Cantwell and the other Democratic senators said the AAR's request for a waiver would "dramatically reduce track safety inspections and loosen requirements to repair safety defects," according to a press release issued by Cantwell's office.
In April, the AAR asked the FRA for a waiver to its track inspection regulations so that railroads could add ATI to their track inspection practices. Railroads are not seeking to replace visual inspections, the AAR said last week in its public statement. Rather, they want to integrate ATI with manual inspections "in a way that puts inspectors and technology where they’re most effective — a modern, data-driven approach designed to catch more issues sooner and further reduce risk," AAR officials have said.

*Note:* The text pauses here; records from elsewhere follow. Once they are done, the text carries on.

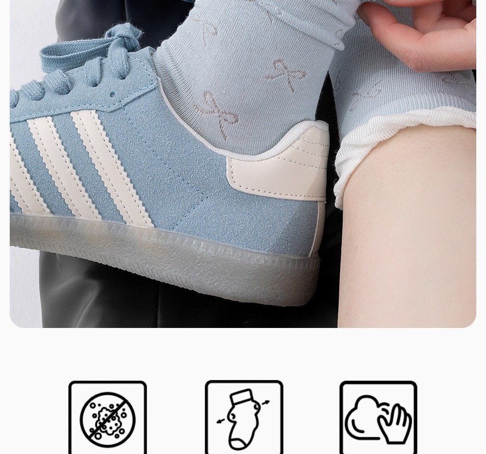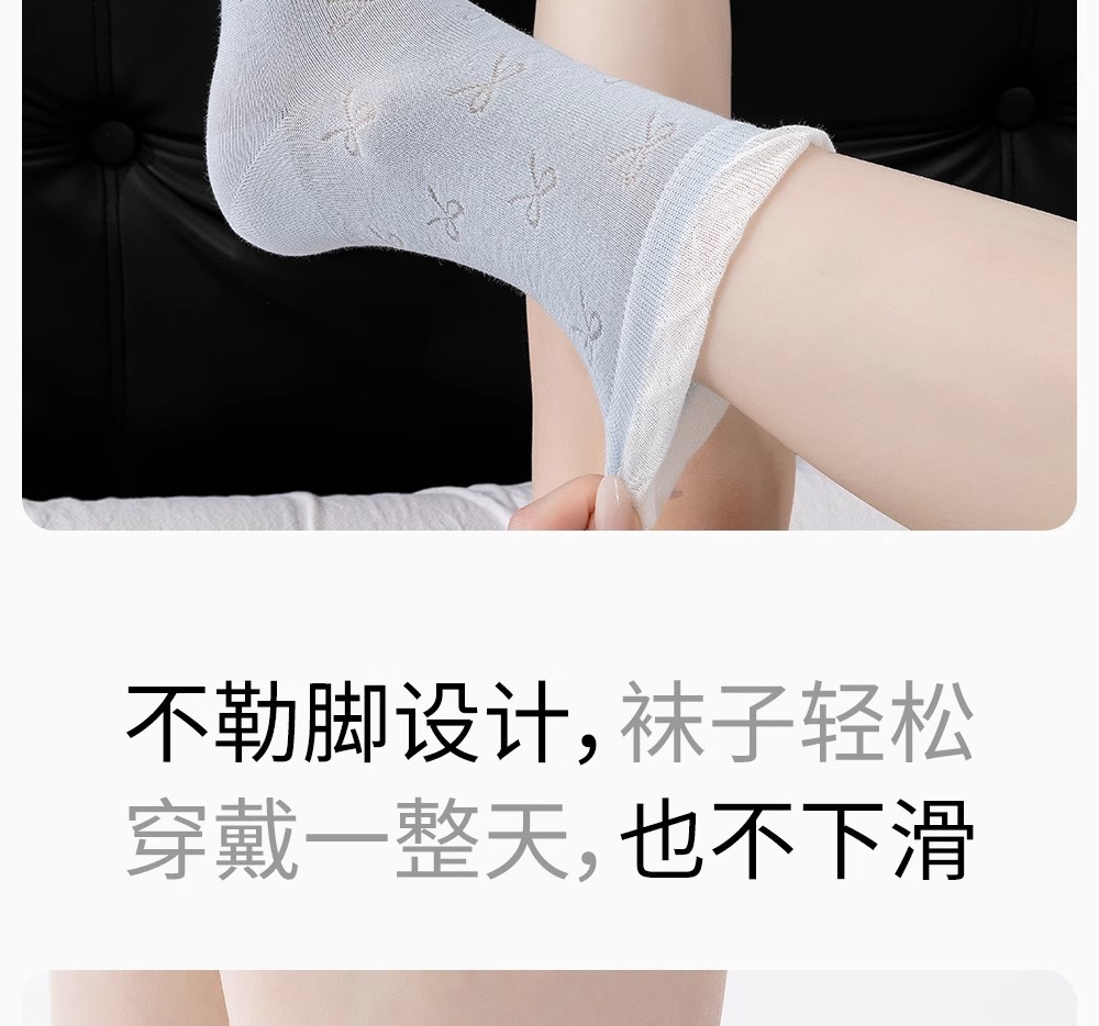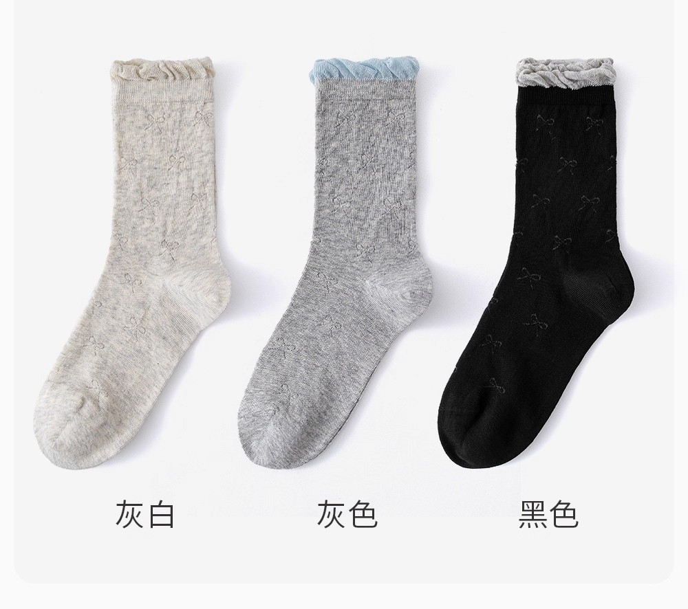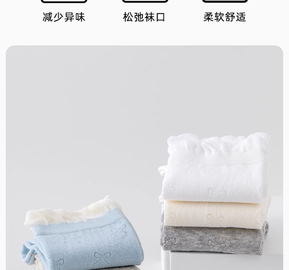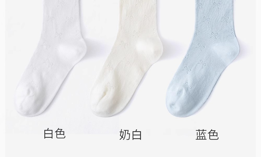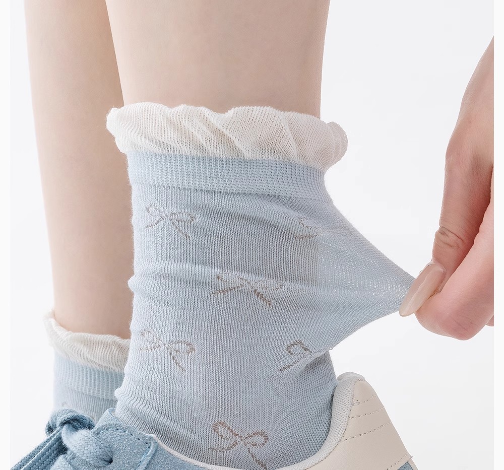 春夏日系泡泡口花边袜子堆堆袜女中筒袜蝴蝶结芭蕾风薄款镂空女袜
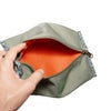 ポーチ使用されているリサイクルポリエステル生地は撥水加工が施されおり、丈夫で軽量。旅行や出張はもちろん、部活やジムに行く時などに便利です。
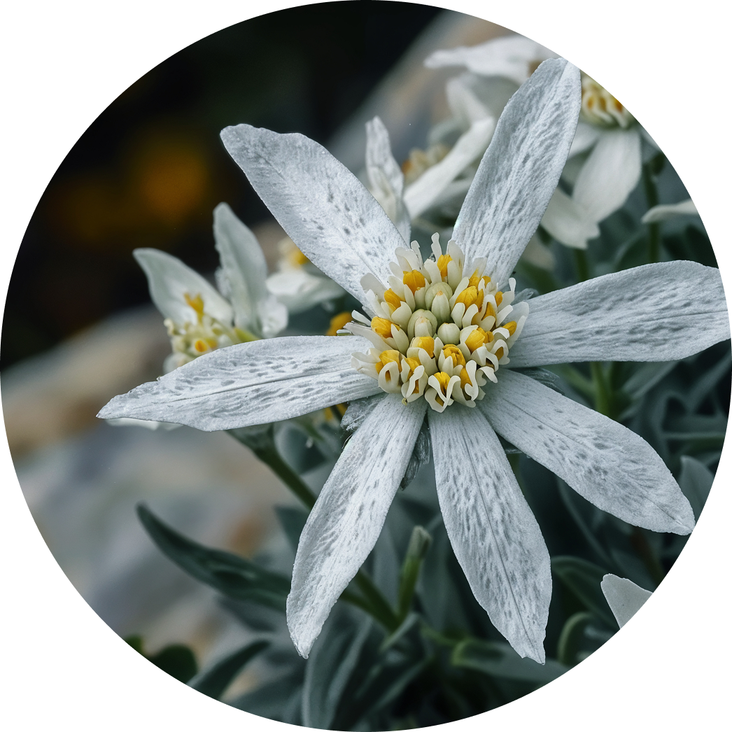 Born in the harshest Swiss altitudes, Edelweiss defends itself and your skin from oxidative stress. Rich in leontopodic acid, it provides exceptional antioxidant protection, soothing sensitivity and reinforcing the skin barrier. It leaves the complexion calm, resilient, and luminous, like a bloom untouched by time.
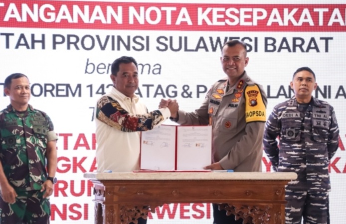 Mamujuekspres.com|MAMUJU|–Pj Gubernur Sulbar Bahtiar Baharuddin bersama Kapolda Sulbar Irjen Pol Adang Ginanjar, Danrem 142/Tatag Brigjen TNI Deni Rejeki, Danlanal Mamuju Letkol Dedi Andriyatno menandatangani Nota Kesepahaman di Graha Sandeq Komplek Rujab Gubernur Sulbar, Senin, 3 Juni 2024.
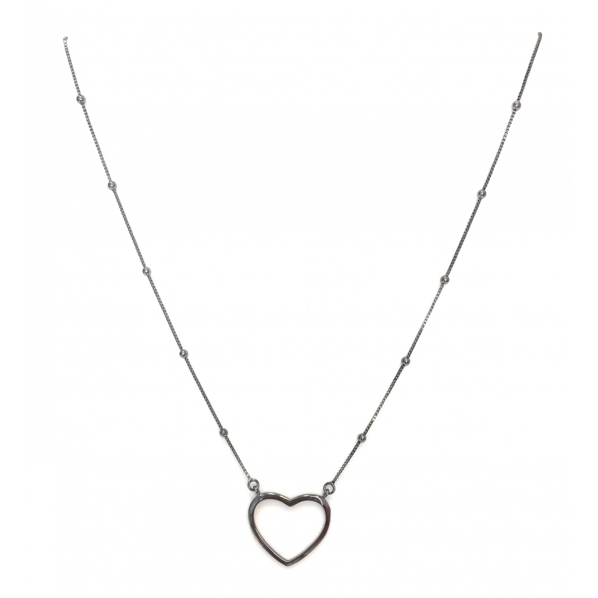 Um colar elegante e cheio de estilo: corrente veneziana de bolinhas com banho de ródio negro e pingente de coração vazado.
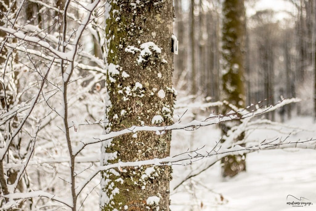 Nous entamons la descente, je ne suis même pas à la moitié de la consommation de ma batterie. Pourtant, le froid accélère la consommation. Le guide me dit de faire attention aux racines, cachées sous les feuilles mortes, elles mêmes cachées sous la neige. Effectivement, en descendant la neige est moins épaisse. J’aperçois les feuilles mortes, mais absolument pas les racines glissantes.
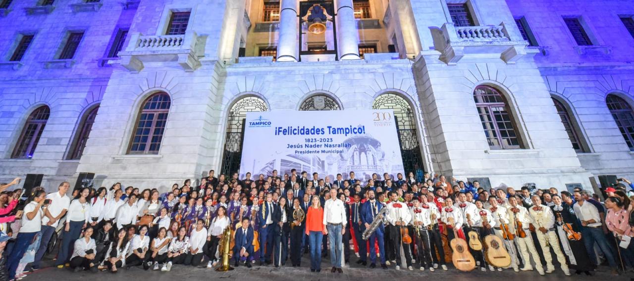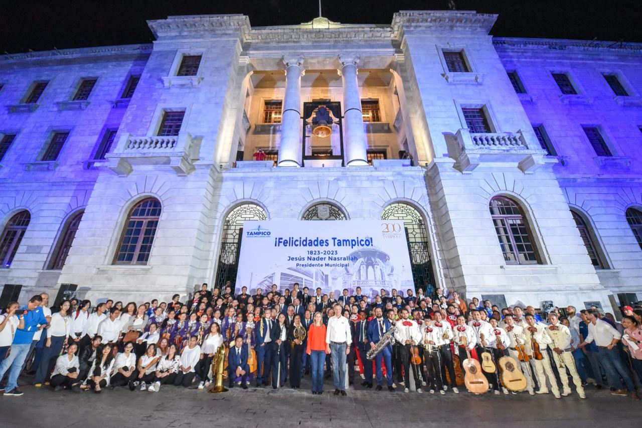 Inolvidable velada vivieron los tampiqueños la noche de este martes con la espectacular participación de más de 160 músicos y mariachis que apostados en el pórtico del Palacio Municipal, entonaron simultáneamente las tradicionales las mañanitas en honor a la ciudad con motivo de sus 200 años de fundación.
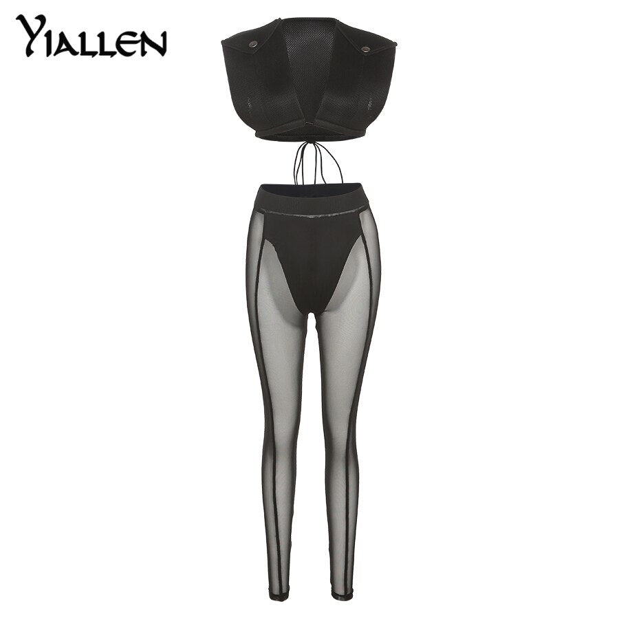 Yiallen High Street Solid Two Piece Set Women Sexy Deep V Sheath Cleavage Sleeveless Top+Mesh SeeThrough Stretchy Female Pants
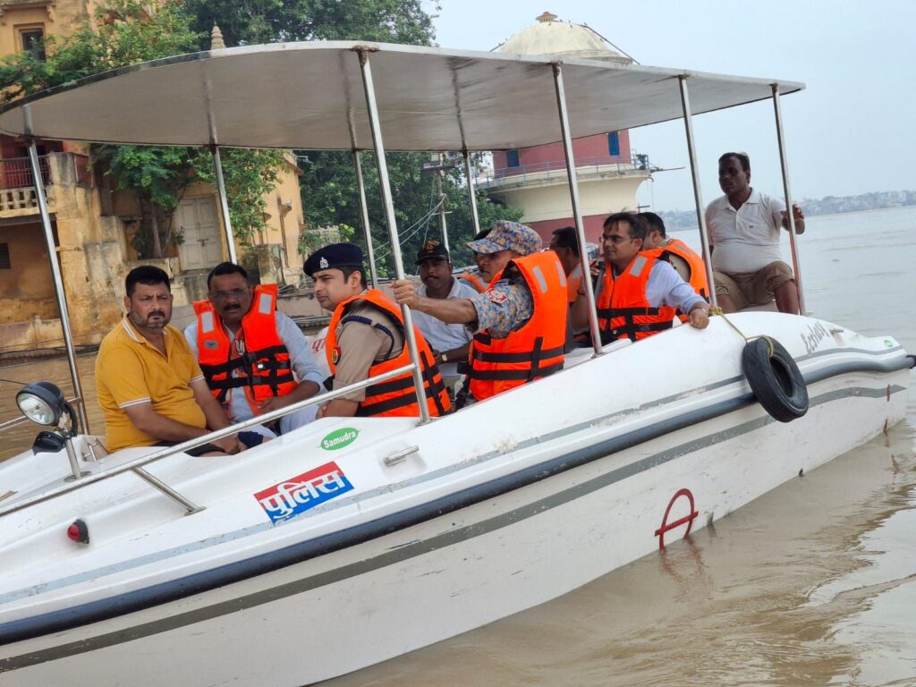 वाराणसी, जनमुख न्यूज़। महापौर अशोक तिवारी के साथ बुधवार को जिलाधिकारी सत्येंद्र कुमार ने जल पुलिस के मोटर वोट से हरिशचंद्र घाट, हर्षद घाट, रविदास घाट, सामने घाट, ज्ञान प्रवाह आदि प्रभावित क्षेत्रों में तूफानी दौरा कर बाढ़ राहत के लिए किये जा रहे कार्यों का निरीक्षण किया। इस दौरान उन्होंने बाढ़ प्रभावित क्षेत्र के लोगों को राहत सामग्री उपलब्ध कराए जाने के साथ ही उनकी समस्याओं के बारे में भी उनसे वार्तालाप की तथा लोगों को आश्वस्त किया कि उन्हें किसी भी प्रकार की परेशानी नहीं होने दी जाएगी। यथासंभव सहयोग उन्हें उपलब्ध कराया गया है और आवश्यकतानुसार उन्हें उपलब्ध कराया भी जाएगा। निरीक्षण के दौरान जिलाधिकारी लाउड हेलर से बाढ़ प्रभावित क्षेत्र के लोगों को अपने जन-धन की सुरक्षा करने तथा किसी भी आकस्मिक स्थिति में सूचना दिए जाने हेतु अवगत करा रहे थे। इस दौरान महापौर एवं जिलाधिकारी ने छोटे-छोटे बच्चों को बिस्कुट, चॉकलेट आदि भी उपलब्ध कराए।
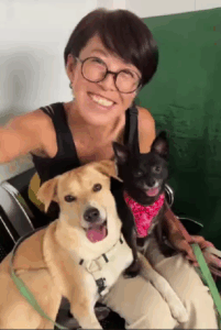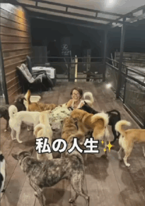 動画では、たくさんのワンちゃんたちに囲まれ、はじけるような笑顔の投稿者さんが映し出されています。実はワンちゃんたちはすべて保護犬。投稿者さんは現在、インドネシアのバリ島で保護犬活動を行っているのです。
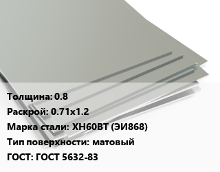 Лист нержавеющий 0.8 0.71х1.2 Сталь: ХН60ВТ (ЭИ868) Тип:матовый ГОСТ 5632-83
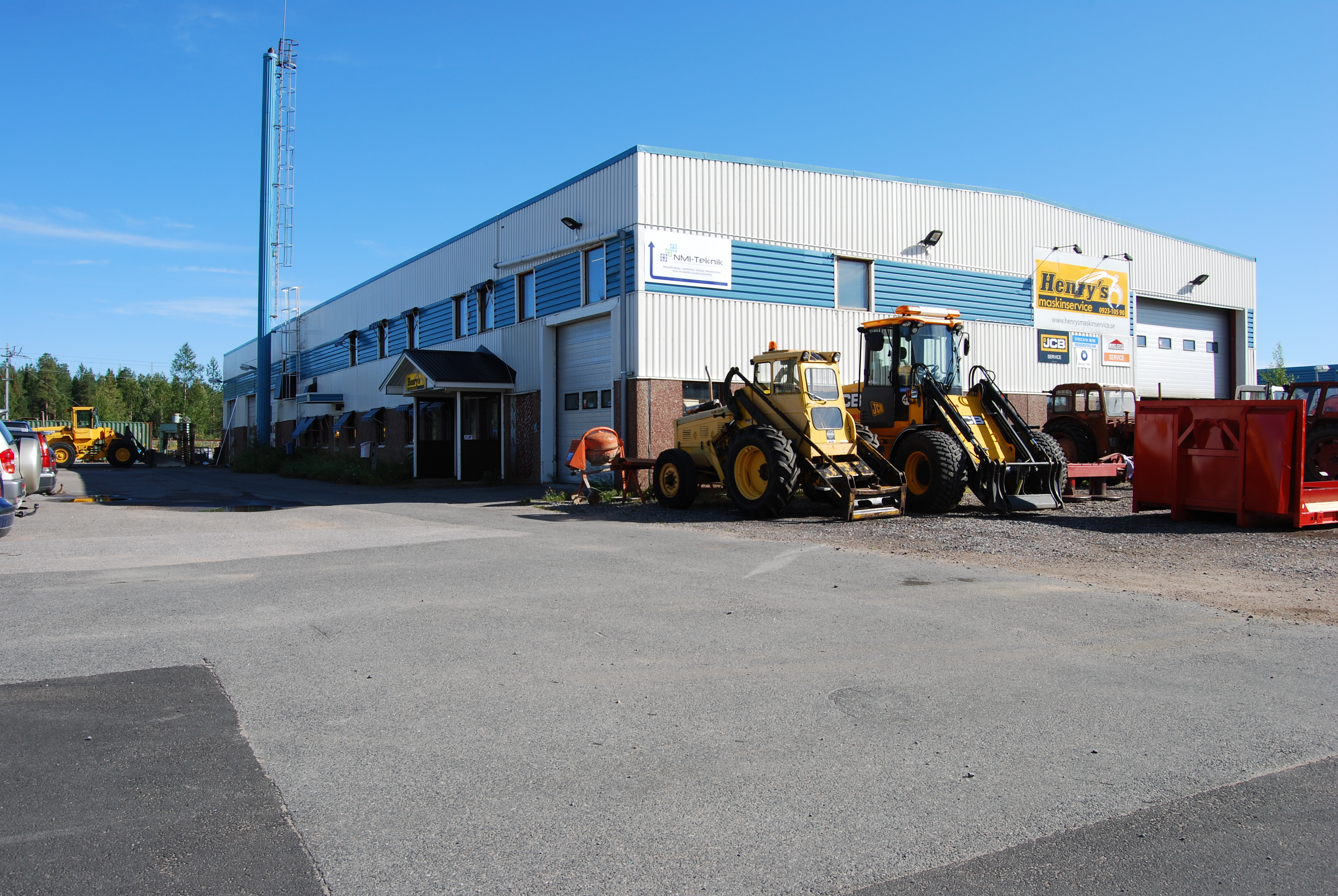 Industrilokal med två större portar samt traverser.
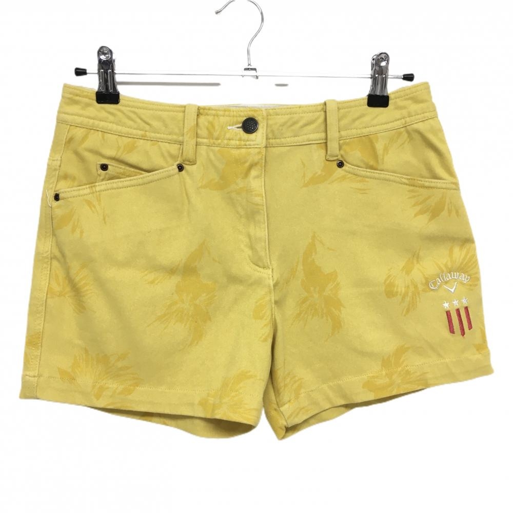 【新品】キャロウェイ ショートパンツ 白×ネイビー×イエロー シェル柄 貝殻 速乾 レディース L ゴルフウェア Callaway

Cantwell and her colleagues — U.S. Sens. Andy Kim (D-N.J.), Ruben Gallego (D-Ariz.), Edward Markey (D-Mass.), John Fetterman (D-Pa.), Tammy Baldwin (D-Wisc.), Richard Blumenthal (D-Conn.), Tammy Duckworth (D-Ill.), Dick Durbin (D-Ill.), Lisa Blunt Rochester (D-Del.), Gary Peters (D-Mich.) and Kirsten Gillibrand (D-N.Y.) — said that they support the use of rail safety technologies.
But they cautioned the FRA to "take care not to allow railroads to become overly reliant on technology," according to their letter.
“We are concerned that the AAR’s proposal would do just that, reducing the inspections for all track safety issues that are currently inspected by humans in exchange for potentially improving the inspection of track geometry issues," the senators wrote.